*** Block opens ***

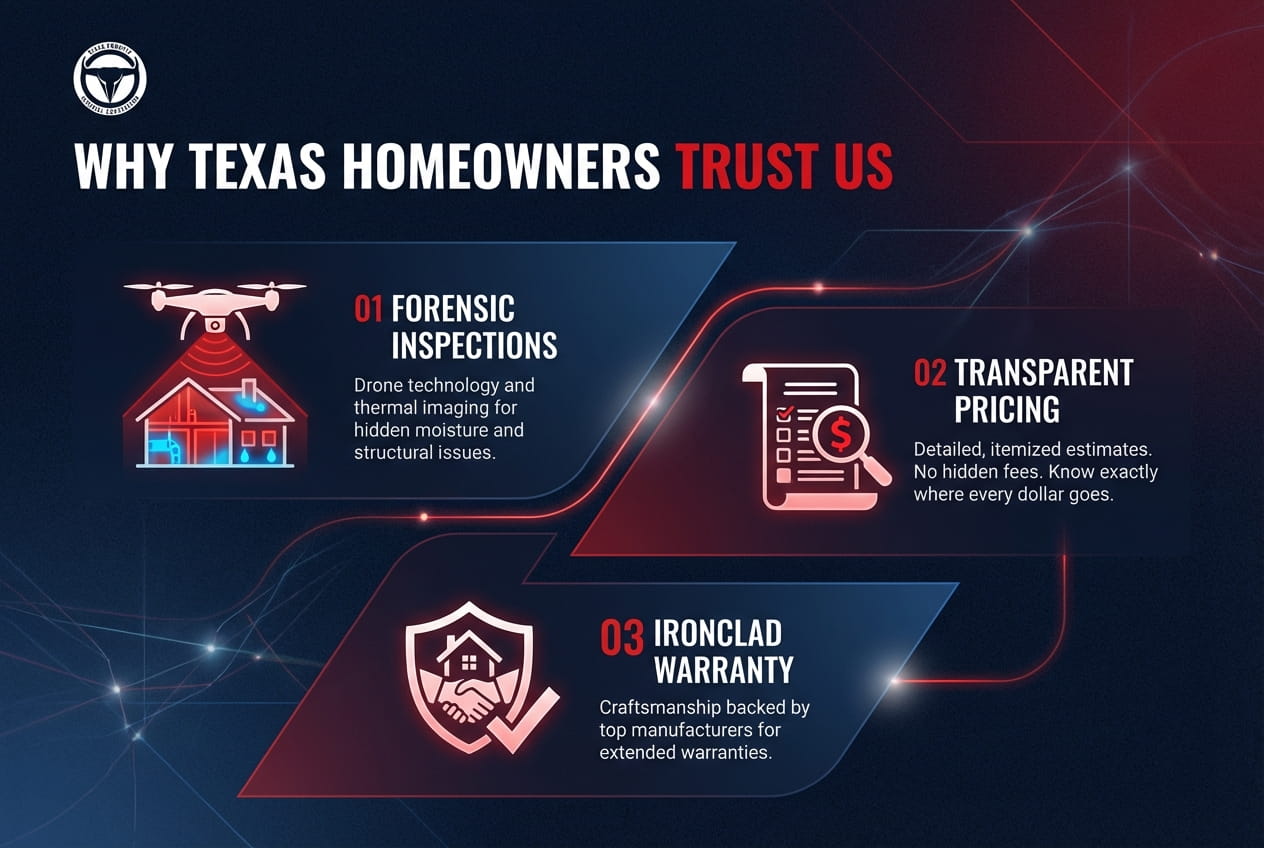 Premium roofing systems for residential and commercial properties. We deliver craftsmanship that withstands the toughest Texas weather.
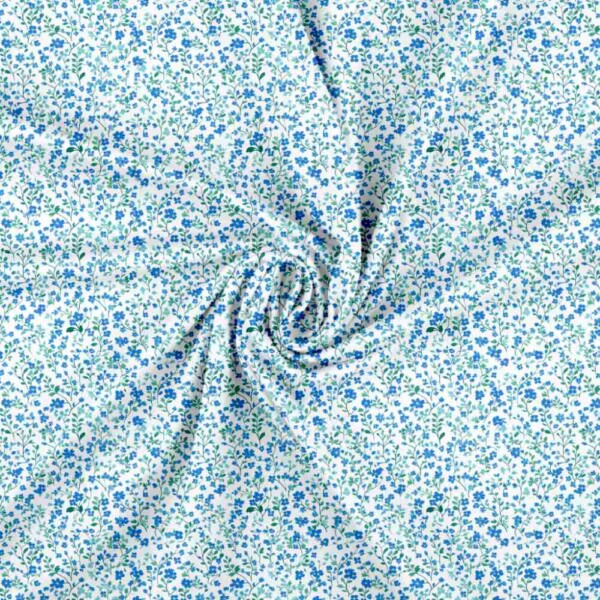 Jersey print med små forårs blomster – blå
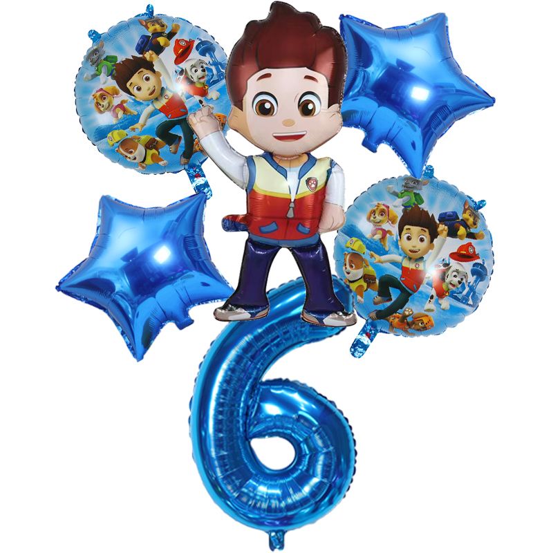 6pcs New Paw Patrol Birthday Balloon Set Ryder Rocky Zuma Everest Aluminum Foil Balloon Children's Birthday Decoration Articles
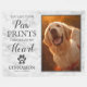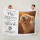 Pet dog memorial fleecy blanket featuring a treasured photo of your beloved dog, a modern white marble background, a paw print with a heart, a sympathy remembrance quote that reads "you left your paw prints forever on my heart", plus their name, and dates.

*** Block closes ***

**REQUIRED ACTION**
Transcribe all of the material exactly and leave out its pictures.

**RESPONSE BOX**
 Premium roofing systems for residential and commercial properties. We deliver craftsmanship that withstands the toughest Texas weather.
 Jersey print med små forårs blomster – blå
 6pcs New Paw Patrol Birthday Balloon Set Ryder Rocky Zuma Everest Aluminum Foil Balloon Children's Birthday Decoration Articles
 Pet dog memorial fleecy blanket featuring a treasured photo of your beloved dog, a modern white marble background, a paw print with a heart, a sympathy remembrance quote that reads "you left your paw prints forever on my heart", plus their name, and dates.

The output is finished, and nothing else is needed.